Audio Input: User selects or auto-detects a microphone.
Voice Activity Detection:
- Identifies speech and pauses.
- Saves speech segments to temporary files.
- Sends file paths to a queue for transcription.
Parallel Processing:
- Recording and transcription occur in separate threads.
Post-Processing:
- Transcription results are sent to Kafka for downstream applications like TTS.

Setup Instructions

Prerequisites

Hardware

NVIDIA GPU with CUDA support (e.g., RTX 3090 or higher recommended).
Supported microphone (e.g., Elgato Wave XLR, Jabra SPEAK 410).

Software

Operating System: Ubuntu 20.04+ or Windows 10+.
Python 3.8+.
NVIDIA CUDA Toolkit and cuDNN.

Installation Steps

1. Install CUDA and cuDNN

Follow these steps to install the latest CUDA Toolkit and cuDNN:

CUDA Installation

wget https://developer.download.nvidia.com/compute/cuda/12.6.3/local_installers/cuda_12.6.3_560.35.05_linux.run
sudo sh cuda_12.6.3_560.35.05_linux.run

cuDNN Installation

wget https://developer.download.nvidia.com/compute/cudnn/9.6.0/local_installers/cudnn-local-repo-ubuntu2204-9.6.0_1.0-1_amd64.deb
sudo dpkg -i cudnn-local-repo-ubuntu2204-9.6.0_1.0-1_amd64.deb
sudo cp /var/cudnn-local-repo-ubuntu2204-9.6.0/cudnn-*-keyring.gpg /usr/share/keyrings/
sudo apt-get update
sudo apt-get -y install cudnn

2. Clone the Repository

git clone https://github.com/Teachings/sts.git
cd sts

3. Install Python Dependencies

Install the dependencies:

pip install -r requirements.txt

4. Run the Application

Start the transcription application:
```
python stt/main.py
```
Start the Kafka consumer for text-to-speech:
```
python kafka_consumer.py
```
Select a microphone from the listed devices when prompted.
Speak into the microphone to see real-time transcription and hear the synthesized speech.

5. Setup Kafka

Navigate to the kafka directory and use docker-compose to start Kafka services:

cd kafka
docker-compose up -d

Using on a Different System

Verify GPU and CUDA Compatibility:
- Ensure the system has a CUDA-enabled NVIDIA GPU.
- Install compatible versions of CUDA Toolkit and cuDNN.
Clone the Repository:
- Clone the project to the target system.
- Install dependencies using pip.
Configure Audio Devices:
- Use sounddevice.query_devices() to list available microphones.
- Modify config.yml to specify preferred devices if necessary.
Run the Application:
- Start the transcription and Kafka consumer as described above.

Troubleshooting

Common Issues

CUDA Errors:
- Verify that CUDA and cuDNN are correctly installed.
- Ensure the Faster Whisper model is configured to use float16 for GPU acceleration.
No Audio Devices Found:
- Confirm that the microphone is properly connected and recognized by the OS.
- Run sounddevice.query_devices() to check available devices.
Kafka Connection Issues:
- Ensure that the Kafka broker is running and accessible.
- Verify that the BROKER and TOPIC_NAME in kafka_consumer.py match the Kafka setup.
Slow Transcription:
- Ensure that the application is utilizing the GPU.
- Use nvidia-smi to monitor GPU utilization.

Debugging Tips

Check logs for detailed error messages.
Use nvidia-smi to ensure GPU resources are allocated to the application.
Verify that the correct microphone is selected.

Intent Analysis

This sub-project implements text-to-speech message handling, session management, real-time agent decision-making, and aggregation of transcriptions for final summaries.

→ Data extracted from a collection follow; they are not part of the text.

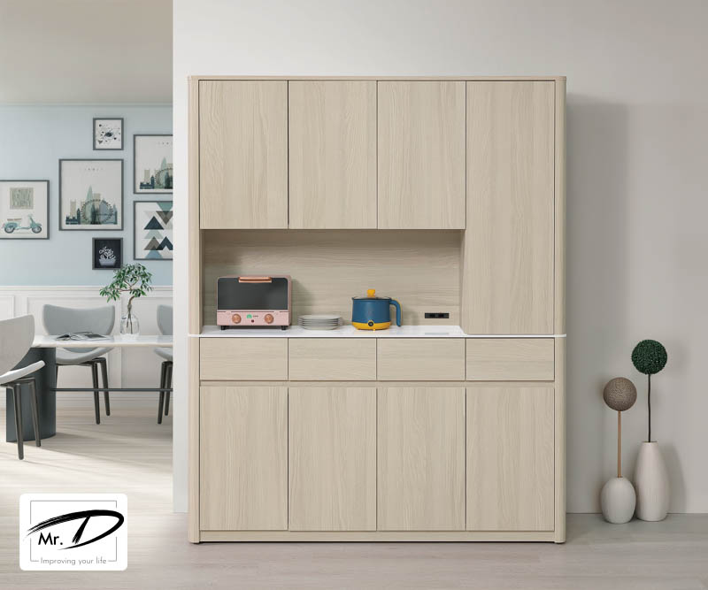 寬160×深40×高200cm 1. A級環保木心板包含抽牆,經立體木紋耐磨塗裝 2. 桌面採11mm亮面雪山石岩板面,具耐磨、耐熱特性 3. 採1.0mm系統式ABS封邊 4. 側板採三層木心板圓柱,櫃體採4cm圓角設計 5. 台灣製造
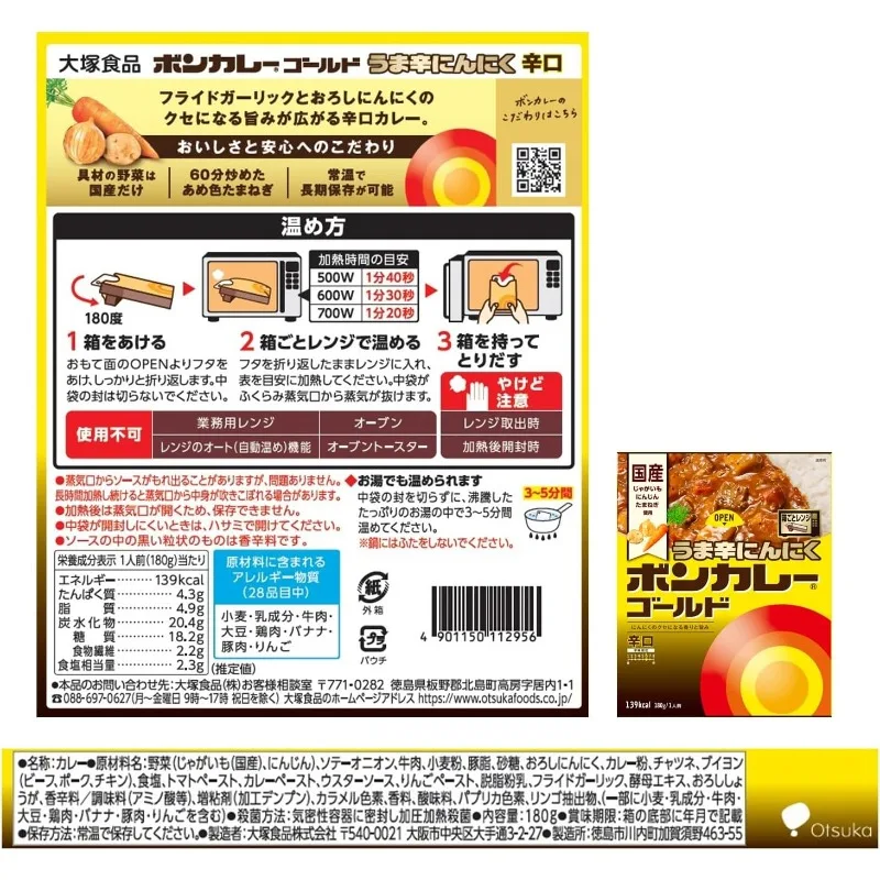 ボンカレー オツカ食品 ゴールドスパイシーガーリック スパイシー 180g、国内発送の必需品、使いやすい電子レンジ調理 - TopDealBox
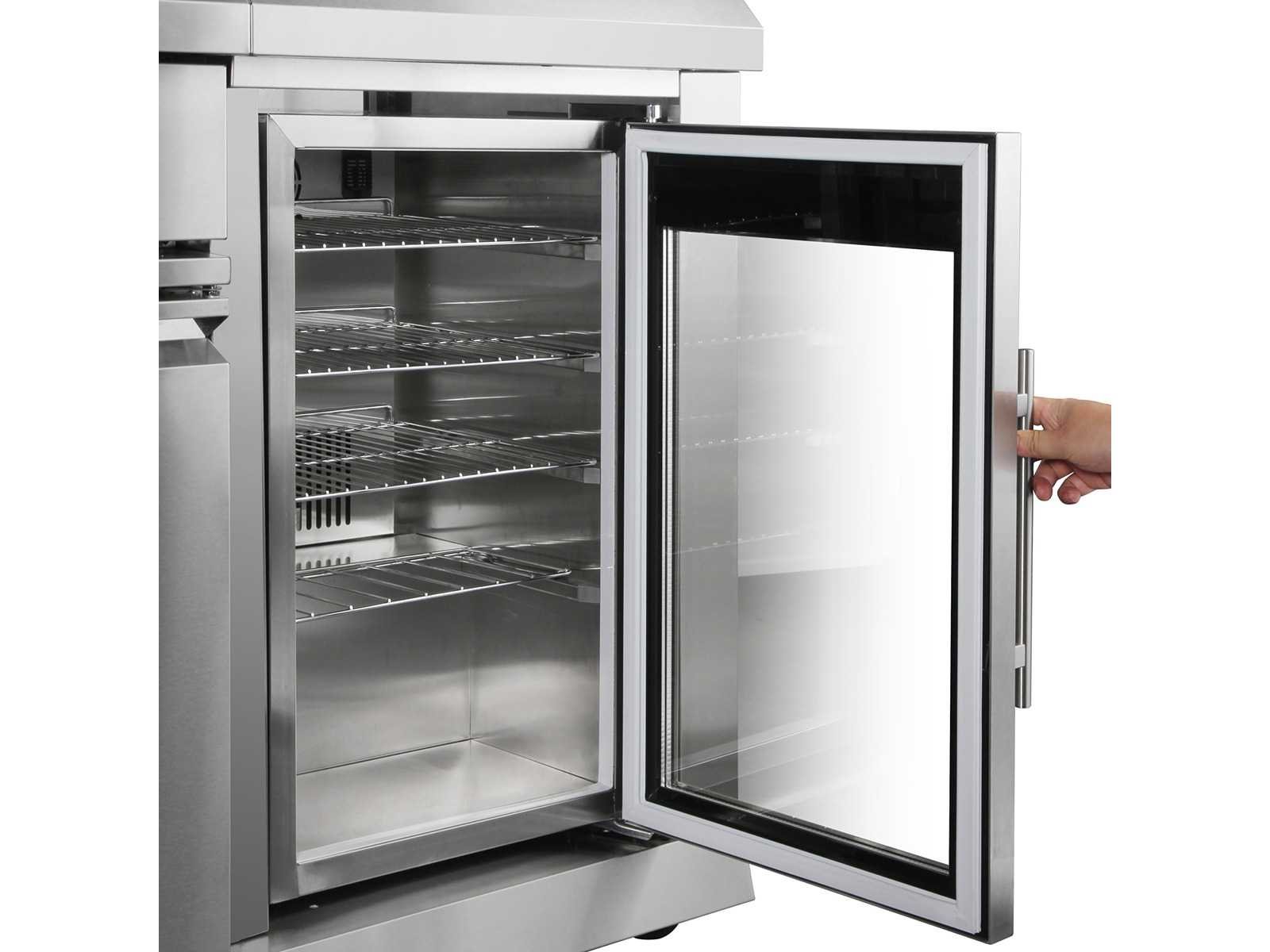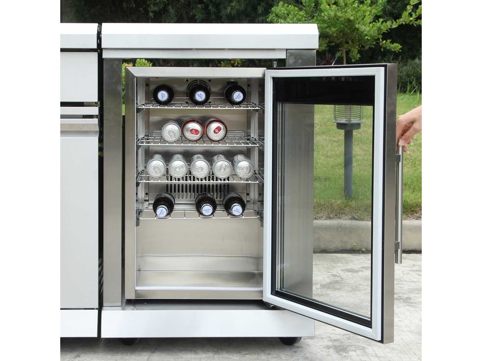 Modulair systeem, bestaande uit: RVS roestvrijstalen barbecue/grill, koelkast, spoelbak + keukenkraan, diverse kast- en opbergruimte. No Merk: Field Outdoor Model: De Luxe Stainless Product type: #2 Lengte: 59cm Breedte: 262cm Hoogte: 121cm Materiaal: RVS

It’s built around Kafka for message passing, Postgres for storing transcriptions, and LLM-based agents (using ollama) to make decisions on how to process user requests.

Core Ideas

Transcriptions are published to transcriptions.all.
PersistenceProcessor stores each transcription in Postgres, tagged by user ID and timestamp.
RealTimeProcessor analyzes each transcription in real time:
- Checks if it needs an immediate action (turn on lights, do a web search, etc.).
- Determines whether to create, destroy, or ignore session boundaries.
SessionProcessor listens for session commands (CREATE, DESTROY, NO_ACTION) on sessions.management.
- Maintains the sessions table in Postgres, including a timeout mechanism for long sessions.
- Triggers an AggregatorProcessor when a session is destroyed.
AggregatorProcessor gathers all transcriptions from the final session window and compiles them into a summary stored in the sessions table.
IntentProcessor can perform text-to-speech or other post-processing on “action required” events.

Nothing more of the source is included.